Keeping track of IP as it moves through a design is another challenge. “With reinforcement learning, it takes IP and turns it into project IP,” said Simon Rance, vice president of marketing at Cliosoft. “Then you optimize it for new releases and the next version of a chiplet or other IP, and take in all the real-time data. The IP is provided by a company, the real-time data is from the field, and you are supposed to partition that based by what pieces of IP are owned by whom. It may come from different regions of the globe, so then part of the IP is owned by them and part of it by the customer. So now you have to go through the metadata to figure out who the players are in the project for that IP. A lot of times there is no clear answer. There are no standards.

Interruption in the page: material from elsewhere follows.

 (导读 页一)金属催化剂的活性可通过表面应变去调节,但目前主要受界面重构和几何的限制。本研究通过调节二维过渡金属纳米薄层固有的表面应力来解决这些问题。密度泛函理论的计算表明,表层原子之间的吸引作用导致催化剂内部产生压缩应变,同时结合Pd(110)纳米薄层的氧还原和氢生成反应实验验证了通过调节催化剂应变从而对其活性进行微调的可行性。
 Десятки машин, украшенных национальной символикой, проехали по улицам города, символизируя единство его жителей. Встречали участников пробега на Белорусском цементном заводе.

And to really address this you need full traceability about who has seen it, which is highly unlikely to happen.”
That makes it essential for companies to guard their IP much more assiduously than in the past. “We provide more detail here on what we’re doing than any company I’ve ever worked at,” said Paul Karazuba, vice president of marketing at Expedera. “An IP license gets you the right to understand what we’re doing. But there’s still a black box aspect of what we do, and that will remain, because what we do is significantly different than what everyone else does. And we’re patenting everything we possibly can to protect ourselves. There are still state secrets that we don’t want to reveal about our company.”

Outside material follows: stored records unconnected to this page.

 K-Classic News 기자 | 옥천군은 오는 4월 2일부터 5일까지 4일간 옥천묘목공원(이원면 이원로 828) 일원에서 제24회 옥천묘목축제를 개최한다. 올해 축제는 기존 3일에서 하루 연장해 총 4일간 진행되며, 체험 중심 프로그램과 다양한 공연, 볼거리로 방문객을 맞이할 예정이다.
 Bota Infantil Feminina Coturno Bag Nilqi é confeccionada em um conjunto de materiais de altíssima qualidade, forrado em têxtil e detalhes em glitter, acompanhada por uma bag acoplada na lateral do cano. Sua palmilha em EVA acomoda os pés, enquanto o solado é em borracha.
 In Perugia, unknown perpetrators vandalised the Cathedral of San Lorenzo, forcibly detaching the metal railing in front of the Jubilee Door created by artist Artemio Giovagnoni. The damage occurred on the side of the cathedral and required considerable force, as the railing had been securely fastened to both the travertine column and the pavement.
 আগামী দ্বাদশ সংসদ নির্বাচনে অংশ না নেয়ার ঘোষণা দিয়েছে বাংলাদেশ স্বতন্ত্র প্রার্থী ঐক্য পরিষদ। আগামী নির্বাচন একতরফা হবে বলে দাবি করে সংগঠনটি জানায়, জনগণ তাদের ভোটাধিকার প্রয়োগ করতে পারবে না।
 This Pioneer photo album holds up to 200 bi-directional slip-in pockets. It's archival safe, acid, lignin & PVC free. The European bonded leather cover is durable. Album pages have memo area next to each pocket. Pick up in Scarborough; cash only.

More collaboration in the market makes this more difficult to protect, something that is complicated by the increasing prominence of generative AI. “You’re dealing with knowledge that represents best practices, but so far it’s been incremental bits because you don’t want to give up everything to the customer,” said Frank Schirrmeister, vice president of marketing at Arteris IP. “AI is a solution to drive optimization, and if it’s a big customer, they’ll want their own spin. But with generative AI, where you are dealing with very specific market needs, they’re customizing lots of data for their own use. That adds all sorts of new copyright and IP issues.”
The human factor
Data has been leaking from chip companies since the first semiconductors were developed. As people change jobs, or change companies, they bring along knowledge of whatever they learned on a previous job. But the rate of churn is increasing on a global scale, and the impact can be seen in IP infringement litigation. Between 2012 and 2021, there were slightly more than 46,000 patent case filings in the United States, according to LexMachina, or an average of 4,600 per year. In contrast, in 2021 there were nearly 32,000 patent infringement lawsuits filed in China, up from about 5,800 in 2010, according to The Law Reviews.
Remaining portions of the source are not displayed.